Doctors will no longer always have to get permission from a judge to turn off a patient’s life support.
It comes after a legal ruling about a man in a vegetative state, who was unlikely to ever regain consciousness.
The 52-year-old financial analyst, named only as Mr Y, had a cardiac arrest in June 2017 which led to him entering a prolonged disorder of consciousness (PDOC).
Doctors said he was unlikely to ever wake up, but that if he did he would have profound cognitive and physical disabilities and would always be dependent on others.
He had not left any instructions about wanting to refuse treatment, but his family said he would not want to be kept alive given his poor prognosis.
Doctors agreed that it would be in his best interests for clinically assisted nutrition and hydration (CANH) to be withdrawn, meaning he would die within two to three weeks.
Usually, they would need permission from a judge to take a patient off life support.
However, in November 2017, a High Court judge said going to court was not necessary in brain injury cases like this, if both his family and specialists agreed.

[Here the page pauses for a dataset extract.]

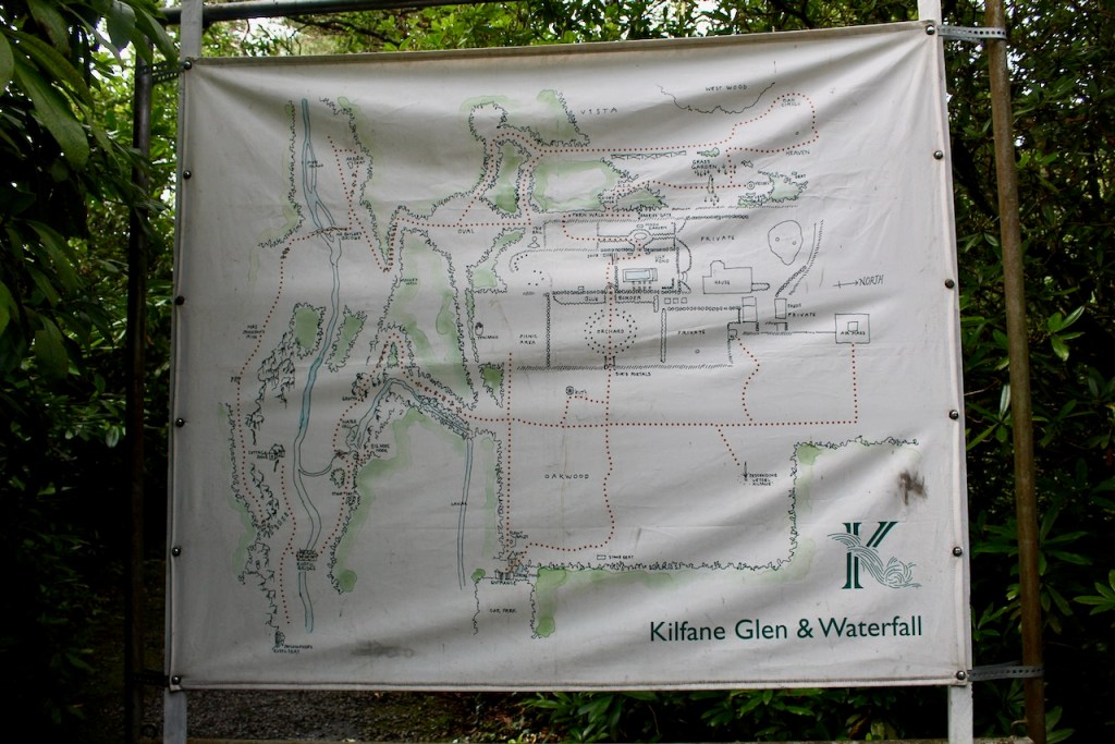 The yellow house next to the gardens looks gorgeous but it is a private residence. It is not the main house at Kilfane. The main house was built in 1798 for the Power family (it may have been added on to a previously existing house, owned by the Bushe family, who owned the land before the Powers married into it [1]) and has a three storey five bay centre block with three bay wings, which are single-storey at the front and two storey at the back. This house is located a distance from Kilfane Glen and Waterfall, and we did not see it. For more on the life in that big house, see the chapter on Kilfane in Mark Bence Jones, Life in an Irish Country House. Constable, London (1996), and for more on the old main house at Kilfane, see Robert O’Byrne’s entry about it on his Irish Aesthete website. [2]
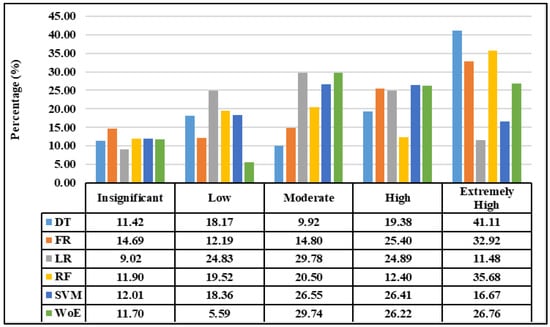 The DT outperformed other models with the highest accuracy value of 0.96, although the model reported the lowest prediction rate. Similarly, both RF and SVM demonstrated poor prediction performances with AUC values of 0.53 and 0.59, respectively. Meanwhile, the LR and FR achieved moderate prediction performances. The WoE was used to record the best prediction rate, i.e., 0.74.

She gave permission for an appeal by the Official Solicitor – who represents people who lack capacity – and CANH was provided in the meantime.
Mr Y died in December but the appeal still went ahead because of the general importance of the issues raised. Today, the decision was upheld.
Lady Black emphasised that many cases would still need to come to court due to their particular circumstances ‘and there should be no reticence about involving the court in such cases’.